Make very sure that those shims did not cause the cap(s) to crack since they had to bend farther down (than designed) to meet the head as they were torqued. Also, IIRC, the clearance spec is 1 to 3 thou.

I recall reading, most likely in the E-type Haynes manual, that a “useful dodge” is to flip the cam bearings 180 degrees, since the upper shells take almost all of the load and consequent wear. I still prefer to change them out with new. They’re not expensive.

I stand to be corrected but I am under the impression that the rule of thumb is 0.001” of bearing clearance per inch of journal diameter - though that might be specific to crankshaft main and big end journals. If it applies to camshafts, which in the case of XK engines have 1.00” journals, your clearances might be a little loose.
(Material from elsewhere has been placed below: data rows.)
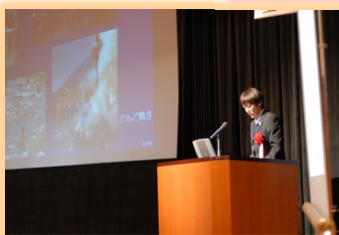
天竜川シンポジウム 事例発表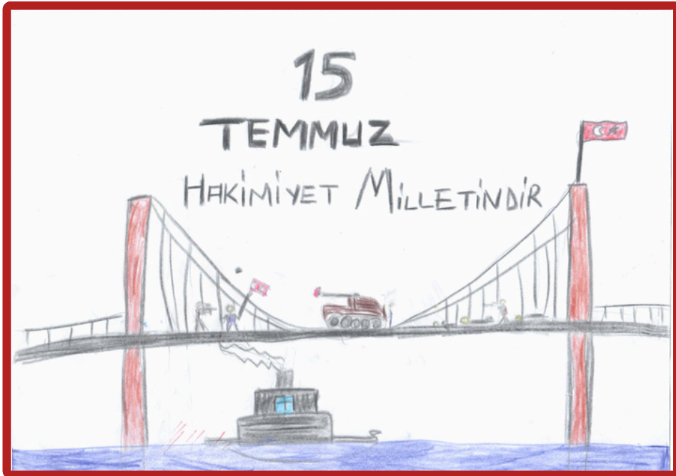
Mert Cemali 7/C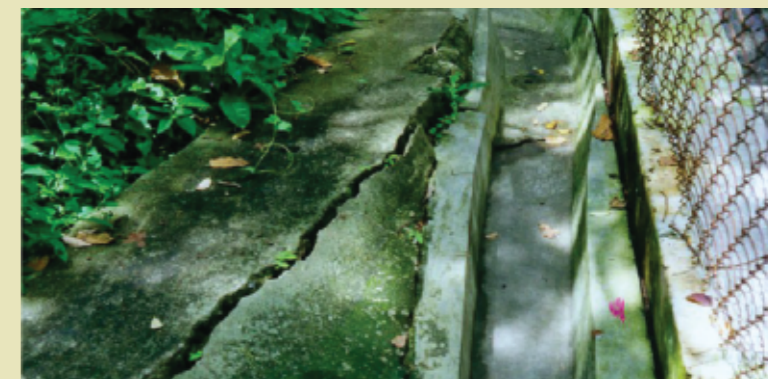
圖三 裂縫不斷擴闊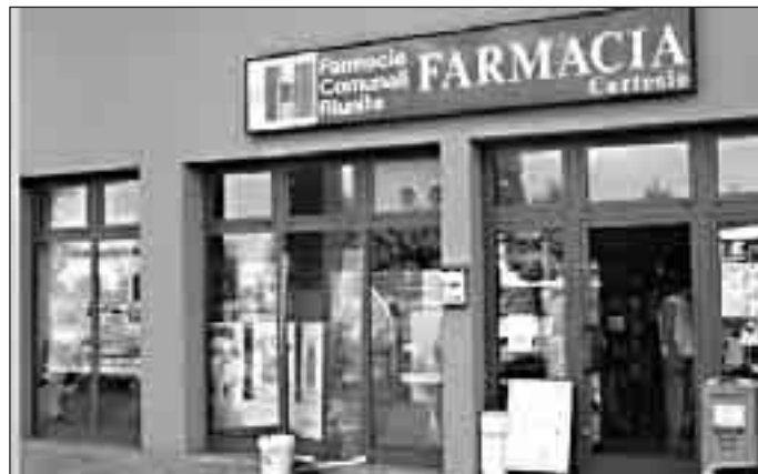
Una farmacia comunale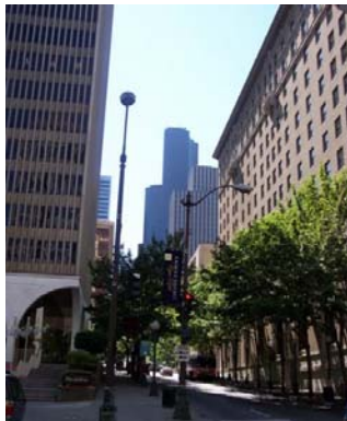
Fig. 3 – Down Town, Seattle

Unii se bucură așadar de o atmosferă mai curată, conștientizând în același timp că un brad “cruțat” într-un șantier din mijlocul orașului, nu mai este privit ca un element separat din natură, ci ca un concept de devenire a oricărui loc. Grijă pentru natură este atât de mare încât în alte părți acest fapt ar stârni cel puțin rumoare.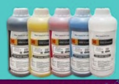
INCHIOSTRI A BASE ACQUA

I haven’t plastigauged mine yet so have no real comparison to go by.

The manual says permissible clearance is 0.0005 to 0.0020.

The difference between .0005 and .001 on a 60 year old cam journal and a split shell in an aluminum head in a non-temperature controlled environment is not going to be detectable by anyone outside a NASA facility. Certainly not by me. As long as I don’t see anything much below or past .002 or so, I’m going with it. The shells or cam are likely out of round by that much, I’ll never find it with plastiguage, certainly not with the valves pushing back.

As nearly all of the force on the lobes pushes the cam into the upper cap, you could almost run the back 3 with no bottom cap making the need for clearance only to assure the bearing isn’t too tight and to keep it from getting pushed sideways. Of course you need to control the gap to ensure distribution of oil to the front of the cam so I suppose there is actually a function for them.

Plastigauging the cams is not that difficult. You gauge each of the unloaded bearings one at a time, removing and replacing the individual caps as you rotate the crankshaft. If your bore gauge does one inch circles then go with it instead - this will also indicate ovality.

(Edited)

A simpler–and usually effective way, given the low stress on the cams–is to install the cam, no tappets or valves, torque to spec, and feel how it spins.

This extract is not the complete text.